Вошли еще несколько мужчин. Они только что отвели в конюшню своих лошадей и теперь предвкушали удовольствие от обильного угощения и развлечений.

— Все-таки расскажи нам о «Красавицах Берти», — попросил лорд Бруно.

— Подожди, скоро сам все увидишь, — загадочно ответил герцог.

Казалось, он был совершенно спокоен, непринужденно развалясь в кресле в своей роскошной, изысканно обставленной библиотеке. Типичный образчик богатого и знатного джентльмена, которому в его сельском поместье нечем больше заниматься, кроме как предаваться здоровым плотским радостям.

Однако его близкий друг, виконт Ментон, встревожился, видя, что герцог немного заскучал, не хочет поддерживать разговор и все время сидит в одном и том же положении, закинув ногу на подлокотник кресла.

Темные волосы герцога были растрепаны после быстрой верховой езды. Одна прядь ниспадала на лоб.

Лицо было не просто красиво — оно поражало каждого, кто его видел. В живых, беспокойных глазах проглядывало что-то неистовое. Губы выдавали глубоко затаенную чувственность, особенно заметную сейчас, когда он сидел расслабившись. Породистый прямой нос, упрямый подбородок. Совершенные черты лица немного портил шрам от пули, задевшей скулу. Виконт слыхал, что, когда его друг был еще совсем молод, в него стрелял обезумевший от ревности обманутый супруг прямо во время театрального представления. Говорили, что герцог тогда едва не умер.

Сам герцог никогда не рассказывал об этом случае и никому не разрешал упоминать о нем, что только давало дополнительную пищу для домыслов. Многие считали его нехорошим человеком, распутником, ни в чем не знающим меры.

Герцог и не пытался опровергать ходившие о нем слухи. То ли ему было удобно, чтобы все думали, будто он в родстве с дьяволом, то ли мнение окружающих было ему безразлично. Виконт считал, что причиной такого поведения герцога было отчасти и то и другое.

Когда остальные гости вышли, он сочувственно спросил:

Что с тобой, старина?

Герцог пожал плечами.

— Не знаю... Ничего.

— Тебя не радует предстоящая пирушка?

— Почему? Радует. Даже очень! Просто... Как бы тебе объяснить... Разве тебе не становится скучно, когда ты все время ходишь по кругу?

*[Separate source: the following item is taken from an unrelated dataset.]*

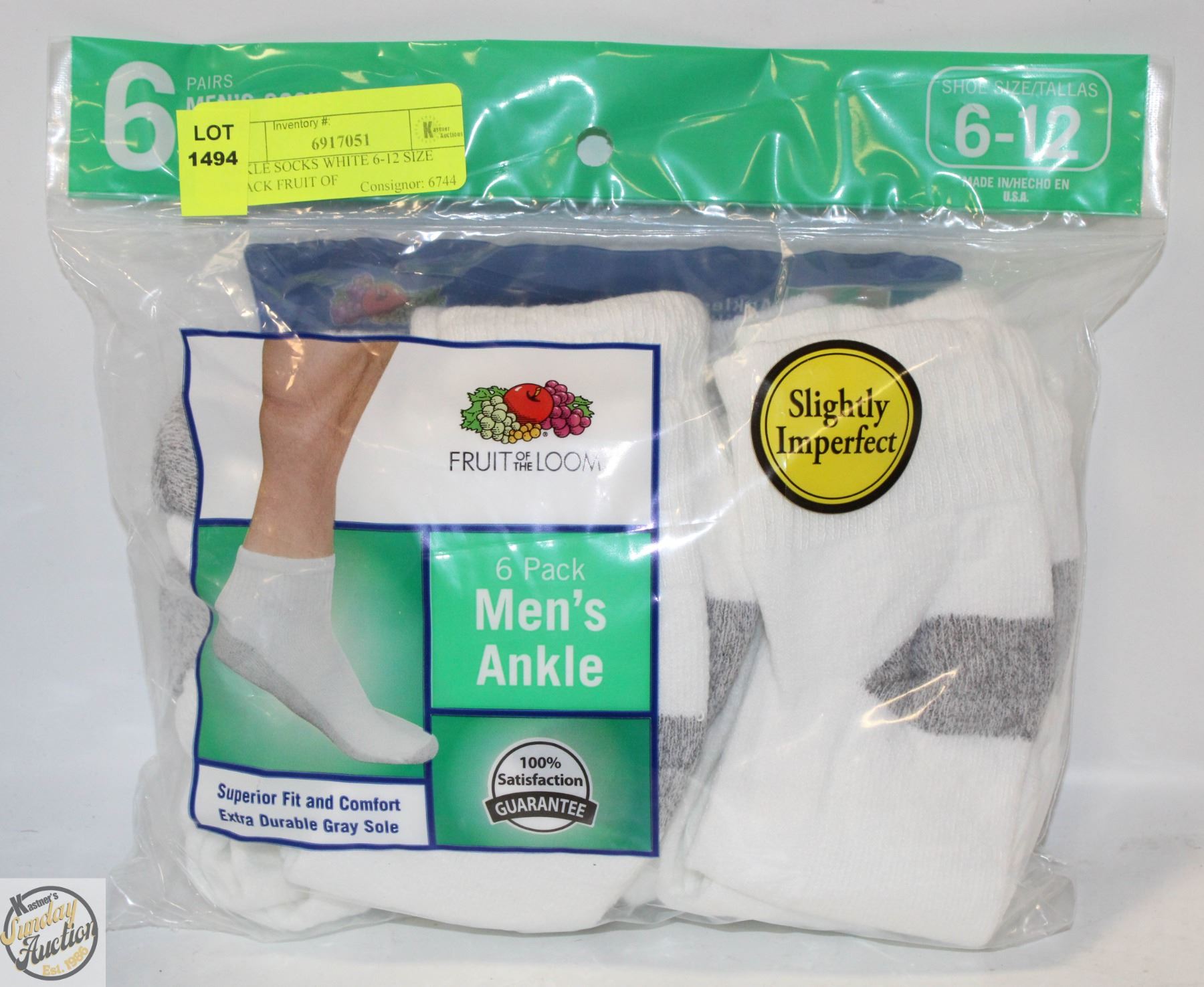 ANKLE SOCKS WHITE 6-12 SIZE 6-PACK FRUIT OF THE LO

— По кругу наслаждений, — напомнил виконт.

— Да. Но через какое-то время эти наслаждения теряют свою пикантность и начинаешь понимать, насколько все бессмысленно.

Виконт вздрогнул.

— Раньше ты никогда так не говорил. Правильно Бруно сказал...

— Бруно — бесчувственный придурок, — раздраженно перебил его герцог.

— Да, но на этот раз он был прав. У тебя есть все, чего только может пожелать мужчина: высокий титул, земля, дом, лучшие вина, лучшие лошади, ты можешь подцепить любую женщину, которую встретишь на своем пути...

— Но женщины, которых легко подцепить, например, такие, с которыми мы встретимся сегодня, быстро надоедают, — уныло заметил герцог.

- У тебя большой выбор и в том, что касается других женщин, — сказал виконт. — Ты же не можешь оставаться всю жизнь холостяком. Придет время — женишься, у тебя появятся дети. Это ясно, как Божий день, хотя, возможно, ты этого сейчас и не осознаешь.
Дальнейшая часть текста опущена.